MgO has characteristic features in that it has excellent heat resistance due to its high melting point (about 2,800°C) and that it is excellent in electrical insulation, free of toxicity and relatively inexpensive.
The above characteristic features are utilized, for example, as follows. MgO is dispersed in water, for example, together with another component as required, coated on the surface of, mainly, a metal material with a roll, or the like, dried and reacted with a metal material constituent by firing the coating to form a ceramic coating of 2MgO.SiO2 (forsterite), MgAl2 O4 (spinel) or the like, excellent in heat resistance and electric insulation. In this case, the ceramic coating is required to have the following properties. The ceramic coating can be formed at a temperature as low as possible for economic performance and for preventing the alteration of the substrate metal under a firing atmospheric gas. Further, the formed ceramic coating is required to be dense and free of nonuniformity and to have excellent adhesion to the substrate metal.
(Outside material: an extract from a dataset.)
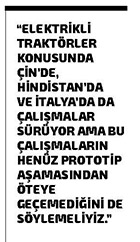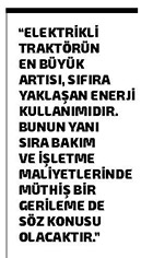 TRAKTÖRLERDE DİZEL MOTOR TEKNOLOJİSİNDEN ELEKTRİKLİYE GEÇİŞTE, TEKNOLOJİNİN İLERLEME HIZI SÜREÇ İÇİN BELİRLEYİCİ OLACAK. MOTORDA İHTİYAÇ DUYULAN TEKNİK GEREKLİLİKLERİN SAĞLANABİLMESİ VE BATARYA TEKNOLOJİNİN GELİŞMESİ BU GEÇİŞİN ZAMANLAMASINI BELİRLEYECEK. TABİİ, BURADA ASIL ÖNEMLİ SORULAR ŞUNLAR: “BİZ BU İŞİN NERESİNDE YER ALACAĞIZ? AKTÖR MÜ OLACAĞIZ YOKSA SEYİRCİ Mİ KALACAĞIZ? DEVRİM ARABALARI GİBİ AMA SONU İYİ BİTEN BİR BAŞARI HİKÂYESİ Mİ YAZACAĞIZ YOKSA BİR BAŞKA BAHARI MI BEKLEYECEĞİZ?” İŞTE BU YÜZDEN, NE ZAMAN TİCARİLEŞECEĞİNE BAKILMAKSIZIN, ÇALIŞMALARA HEMEN BAŞLANILMASINI ÇOK ÖNEMSİYORUM.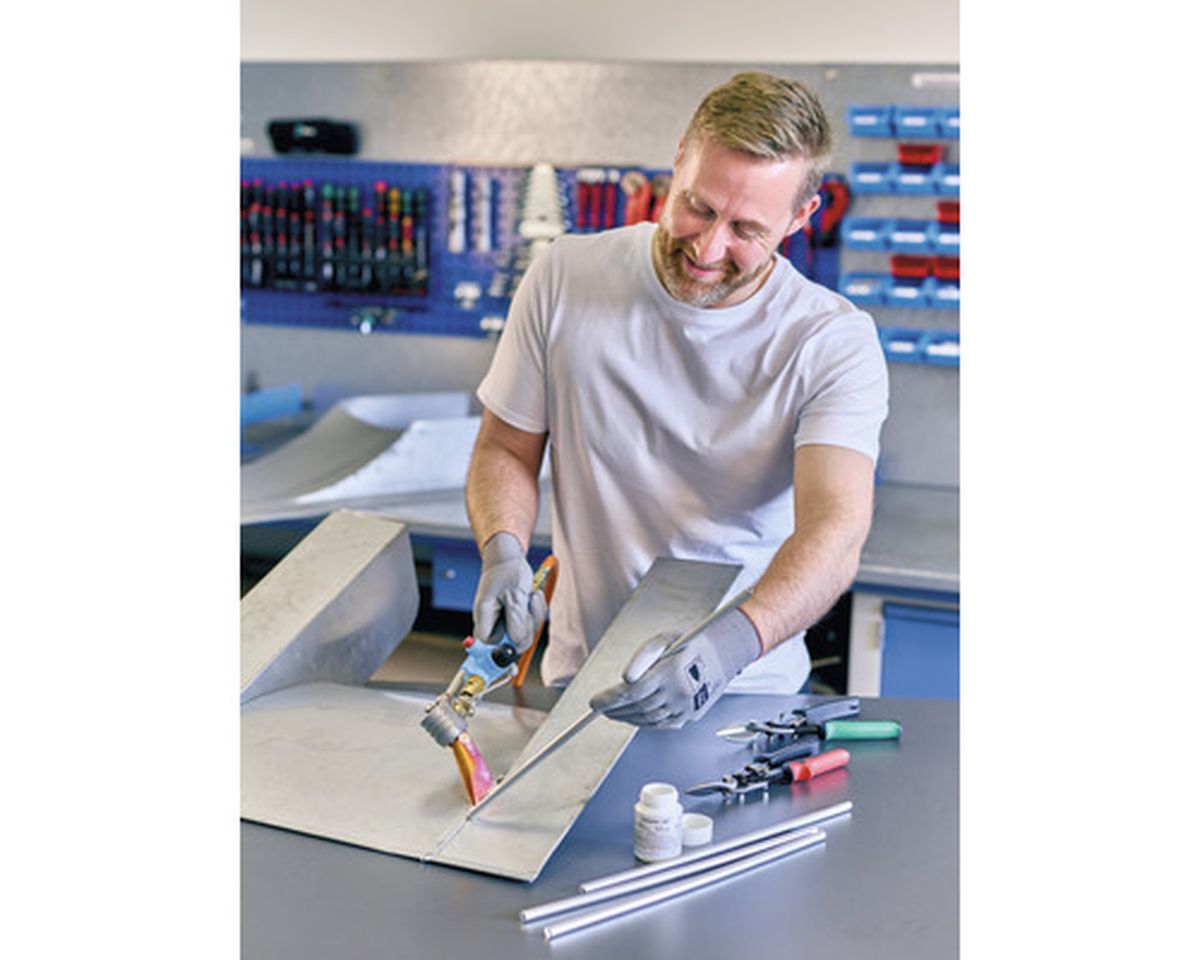 Met deze professionele gassoldeerbout soldeert u moeiteloos verbindingen aan dakgoten en dun plaatmateriaal van bijvoorbeeld koper. Deze gassoldeerbout heeft een maximale werktemperatuur van 730 °C, is voorzien van een Piezo ontsteking, ergonomische 2K greep en aflegstandaard. Door de draaibare gasslangaansluiting van 3/8″ heeft u dus geen last van een opkrullende slang.

MgO has a high melting point so that MgO shows sufficient reactivity only at a considerably high temperature, and MgO requires at least about 900°C or higher for forming a ceramic coating. Attempts have been made to form fine particles of MgO and a dense dispersion of MgO in water for decreasing the ceramic coating-forming temperature and forming a dense ceramic coating, while the firing temperature of about 900°C is the lowest temperature that can be achieved at present.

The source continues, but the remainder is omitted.